Kürzlich beschwerte sich ein guter Bekannter bei mir darüber, dass er von seiner Frau um die Mittagszeit vollgequatscht würde. "Dabei weiß sie ganz genau, dass man mit mir um diese Zeit nicht reden kann. Ich habe dann Hunger! Und wenn ich Hunger habe, bin ich unleidlich und kann nicht denken. Warum begreift sie das bloß nicht? Das macht sie schon so, seit wir verheiratet sind!" jammerte er.
Ich habe ihm geantwortet, dass dieses Verhalten mit der Unmöglichkeit gelingender Kommunikation zwischen Männern und Frauen zu tun habe. Wir Frauen können uns einfach nicht vorstellen, dass es Wesen von unserer Art gibt, die nicht in der Lage sind wahrzunehmen, was um sie herum vorgeht, die nicht unbewusst und ununterbrochen ihre Umgebung scannen, auf Schwingungen reagieren, die ihr Tun nicht sofort unterbrechen, wenn es irgendwo hüstelt und die eigenen Gedanken so lange zurückstellen, bis unser jeweiliges Gegenüber in aller Ruhe die eigenen sortiert hat. 

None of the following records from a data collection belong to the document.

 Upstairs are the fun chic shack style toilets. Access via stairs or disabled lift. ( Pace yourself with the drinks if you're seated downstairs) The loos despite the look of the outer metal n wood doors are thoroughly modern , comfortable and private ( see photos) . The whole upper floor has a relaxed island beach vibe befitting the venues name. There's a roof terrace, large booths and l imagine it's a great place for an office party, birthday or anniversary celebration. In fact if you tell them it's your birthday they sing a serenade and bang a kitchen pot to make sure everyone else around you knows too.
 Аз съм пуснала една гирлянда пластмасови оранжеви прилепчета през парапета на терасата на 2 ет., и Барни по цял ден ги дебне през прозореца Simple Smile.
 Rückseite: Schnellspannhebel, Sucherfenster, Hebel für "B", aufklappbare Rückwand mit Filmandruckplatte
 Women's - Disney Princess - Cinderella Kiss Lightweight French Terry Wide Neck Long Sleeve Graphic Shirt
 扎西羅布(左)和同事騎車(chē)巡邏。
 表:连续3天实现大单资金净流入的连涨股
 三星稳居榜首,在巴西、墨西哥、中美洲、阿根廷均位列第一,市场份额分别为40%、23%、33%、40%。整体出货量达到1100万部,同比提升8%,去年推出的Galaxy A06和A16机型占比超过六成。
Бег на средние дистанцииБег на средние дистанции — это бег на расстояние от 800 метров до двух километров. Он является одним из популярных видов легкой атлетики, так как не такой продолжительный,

Dem Bekannten gegenüber habe ich allerdings alles weggelassen, was nicht mit dem Gedankengut eines Jägers und Sammlers kompatibel ist. Also alles bis auf den ersten Satz.

Ich bin neidisch. Ich will das auch können. Ich will mein Gegenüber anblaffen können, weil ich gerade Hunger habe. Ich will ignorieren, dass es zu meinen Füßen an Atemnot eingeht, weil ich gerade eine E-Mail schreibe oder in der Tagesschau-App stöbere. Ich will immer genau das tun können, was ich gerade tue und dabei nicht merken, was um mich herum vorgeht.

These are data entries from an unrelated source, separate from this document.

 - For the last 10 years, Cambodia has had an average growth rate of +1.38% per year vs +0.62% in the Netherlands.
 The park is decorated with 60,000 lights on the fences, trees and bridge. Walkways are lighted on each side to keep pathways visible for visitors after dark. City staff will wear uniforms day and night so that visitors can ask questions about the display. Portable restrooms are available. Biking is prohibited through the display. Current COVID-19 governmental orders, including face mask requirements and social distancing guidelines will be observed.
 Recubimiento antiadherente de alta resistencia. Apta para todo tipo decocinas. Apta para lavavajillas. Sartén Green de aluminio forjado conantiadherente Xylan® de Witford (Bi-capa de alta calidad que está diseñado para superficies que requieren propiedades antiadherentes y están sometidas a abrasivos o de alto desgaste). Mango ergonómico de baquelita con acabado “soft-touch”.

Kann ich aber nicht. Ich betrete einen Raum, und sofort stellen sich alle meine Antennen auf. Und glauben Sie mir, das sind eine Menge! Ich scanne Stimmungen, Veränderungen, bemerke die neue Frisur oder dass sich jemand ein neues Hemd zugelegt hat. Wenn der Hund kotzt, wird mir auch schlecht, beim Lesen der Nachricht, dass sich ein Teenager auf der L753 in Niederbayern totgefahren hat, muss ich genauso heulen wie vor vielen Jahren bei der Beerdigung von Josef Strauß; Staubflocken fange ich im Flug, weil ich weiß, dass mein Gegenüber allergisch auf Hausstaubmilben reagiert.

Das ist oft irre anstrengend und scheinbar mehrheitlich ein weibliches Phänomen. Zumindest sind die männlichen Menschen, die ich kenne, nicht oder nur wenig von dieser Fähigkeit betroffen. Ist wahrscheinlich evolutionär bedingt. Hätten wir Frauen uns damals nicht so darum gerissen, die Brut und das Feuer zu bewachen und uns nicht an den Haaren in irgendwelche Höhlen schleifen lassen, wäre jetzt wahrscheinlich alles anders.

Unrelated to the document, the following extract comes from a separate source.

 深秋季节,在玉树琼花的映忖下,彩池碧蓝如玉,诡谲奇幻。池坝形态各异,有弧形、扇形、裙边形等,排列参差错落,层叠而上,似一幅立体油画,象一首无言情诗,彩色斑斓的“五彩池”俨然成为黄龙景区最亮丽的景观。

Neandertaler, Prähistorische, Berge  Frau, Tiger, Amazone, Heldin, Stolz
Nämlich nicht so,                                 sondern so!

Ich stelle mir gerade vor, wie der beste Ehemann von allen tränenüberströmt am Küchenfenster steht, weil er die Nachbarskatze so herzallerliebst findet, dass mein Chef mich mit den Worten begrüßt: "Steht Ihnen gut, Ihre neue Frisur!", statt mich anzumaulen, weil ich vor ein paar Wochen die Steckdose beim Verlassen des Carports aus der Wand gerissen habe oder dass der Herr Dobrindt sich vor die Presse stellt und sagt: "Liebe Dieselfahrer/innen, ich fühle mit Ihnen! Sie müssen sich so betrogen und missbraucht vorkommen! Deswegen werde ich dafür sorgen, dass die böse Autoindustrie jetzt alle Kosten, die durch ihre Betrügereien entstehen, ganz alleine trägt." 

Wäre die Welt dann eine bessere? Möglicherweise. Aber über was würde ich dann noch schreiben können? Über niedliche Hoppelhäschen auf der saftiggrünen Wiese? 

 Europäische Kaninchen, Hasen, Gras

Bin weg. Habe unten den Hund etwas lauter atmen hören, und das bedeutet, dass er dringend Gassi gehen muss.